Scientists at the United States Department of Energy’s (DOE) Princeton Plasma Physics Laboratory (PPPL) have refined the use of magnetic fields to improve the performance of tokamaks, which are doughnut-shaped fusion facilities. The improved technique protects internal parts from damage caused by instabilities known as “edge-localized modes” (ELMs) and allows tokamaks to run for longer periods of time without stopping.
“Our main result is that we demonstrated that our technique can suppress ELMs while maximizing plasma performance,” said Ricardo Shousha, a PPPL-affiliated graduate student in Princeton University’s Mechanical and Aerospace Engineering Department. Shousha is the lead author of a paper that describes the findings in the Physics of Plasmas.
Fusion, the power that drives the sun and stars, combines light elements in the form of plasma — the hot, charged state of matter composed of free electrons and atomic nuclei – that generate massive amounts of energy. Scientists are seeking to replicate fusion on Earth for a virtually inexhaustible supply of power to generate electricity.
Our main result is that we demonstrated that our technique can suppress ELMs while maximizing plasma performance. The idea is that if we can detect these precursor signals quickly, we can act before the impending ELM appears and potentially prevent it
Ricardo Shousha
The researchers studied conditions that cause the center of plasma to become extremely hot and dense at the Korea Superconducting Tokamak Advanced Research (KSTAR) facility.
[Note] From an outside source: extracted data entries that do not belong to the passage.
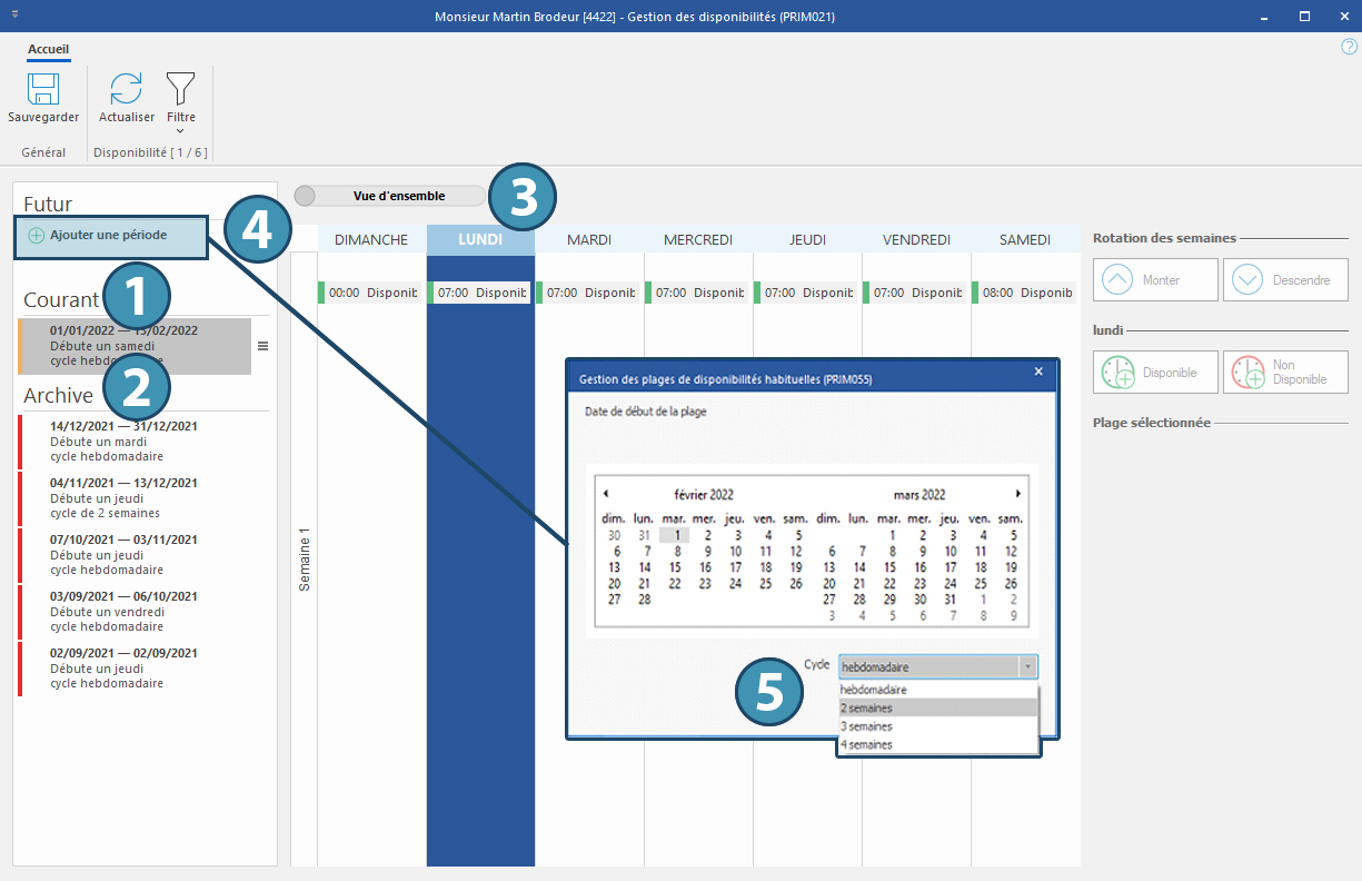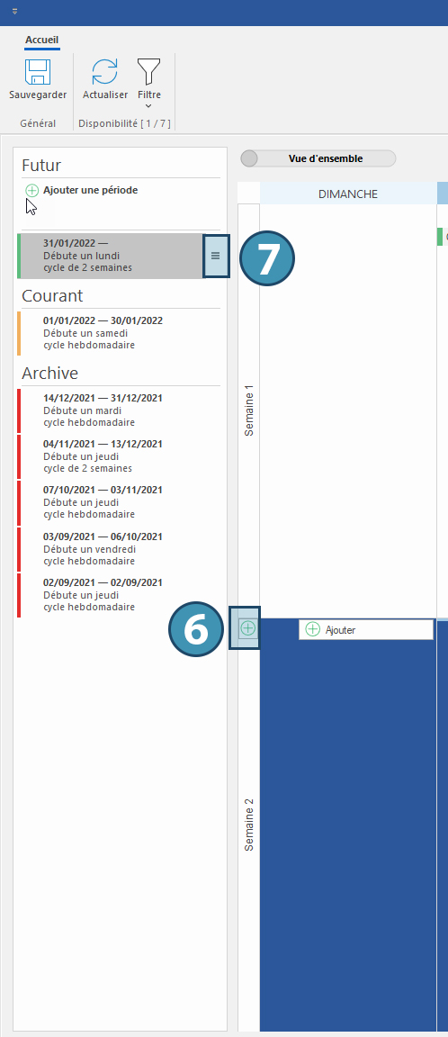 Pour créer un modèle à venir, cliquer sur « Ajouter une période » (4) et sélectionnez la date à laquelle le modèle actuel prendra effet ainsi que le cycle de cet horaire (sur 1 à 4 semaines) (5)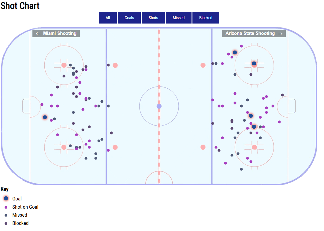 According to the College Hockey News shot chart, Arizona State finished with 30 shots on goal compared to Miami’s 20 and had more high-danger chances from the slot throughout the night.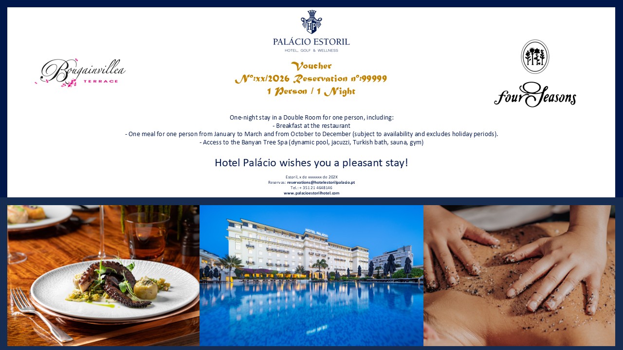 - Uma refeição para uma pessoa, bebidas não incluidas, de Janeiro a Março ou de Outubro a Dezembro (mediante disponibilidade e exceto em períodos festivos).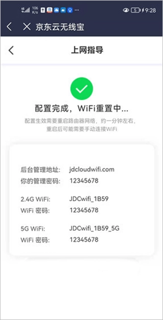 配置已生效,设备会自动存储刚才的设置项,同时WiFi连接会暂时中断。为了后续更便捷地管理设备,建议您对当前页面进行截图留存。

This desirable state, known as H-mode, can occur when there is a sharp separation between the center and the colder edge; scientists prefer H-mode plasma because it produces more efficient fusion reactions. However, because the temperature and density of the two regions are so dissimilar, ELM instabilities form along the boundary, much like thunderstorms can form where hot and cold fronts collide. These instabilities can result in spurts resembling solar flares, which are massive burps of plasma that erupt from the sun’s surface.
When these events occur in tokamaks, they can cause damage to the inner walls and components, necessitating a machine shutdown for repairs. The risk is even greater for ITER, the multinational tokamak being built in Cadarache, France to demonstrate the feasibility of fusion as a large-scale, carbon-free source of energy, because that device will produce plasma with far more heat and power than current tokamak plasmas.
As a result, physicists are in a pickle. They want the plasma to be in H-mode, but H-mode causes instabilities that could damage the tokamak. Shousha and the other researchers concentrated on using magnetic fields to dampen the instabilities, a method discovered in 2003. The applied fields reduce instabilities by allowing particles to flow through the boundary. However, as the plasma cools, the fusion reactions become less efficient.
The research team solved this problem by combining magnets with a feedback system. The combination determines the weakest magnetic field that can suppress the ELMs while minimizing how much the fields degrade the H-mode conditions. “That’s the novel aspect of our research,” Shousha explained.
The dedication of the graduate students, combined with an international network of researchers and institutions, produced the results. “Being a part of PPPL and Princeton University is a fantastic opportunity for graduate students,” said Egemen Kolemen, an associate professor in Princeton University’s mechanical and aerospace engineering department who also has a joint appointment with PPPL and is a co-author of the paper. “They can conduct experiments anywhere in the world – the United States, China, Germany, and South Korea – and have access to these powerful machines. And they perform admirably. We have the means as long as they have the desire.”
The scientists intend to improve their system so that it can detect signals that herald the arrival of ELMs, allowing the magnets to begin preventing them before they occur. “The idea is that if we can detect these precursor signals quickly, we can act before the impending ELM appears and potentially prevent it,” Shousha explained.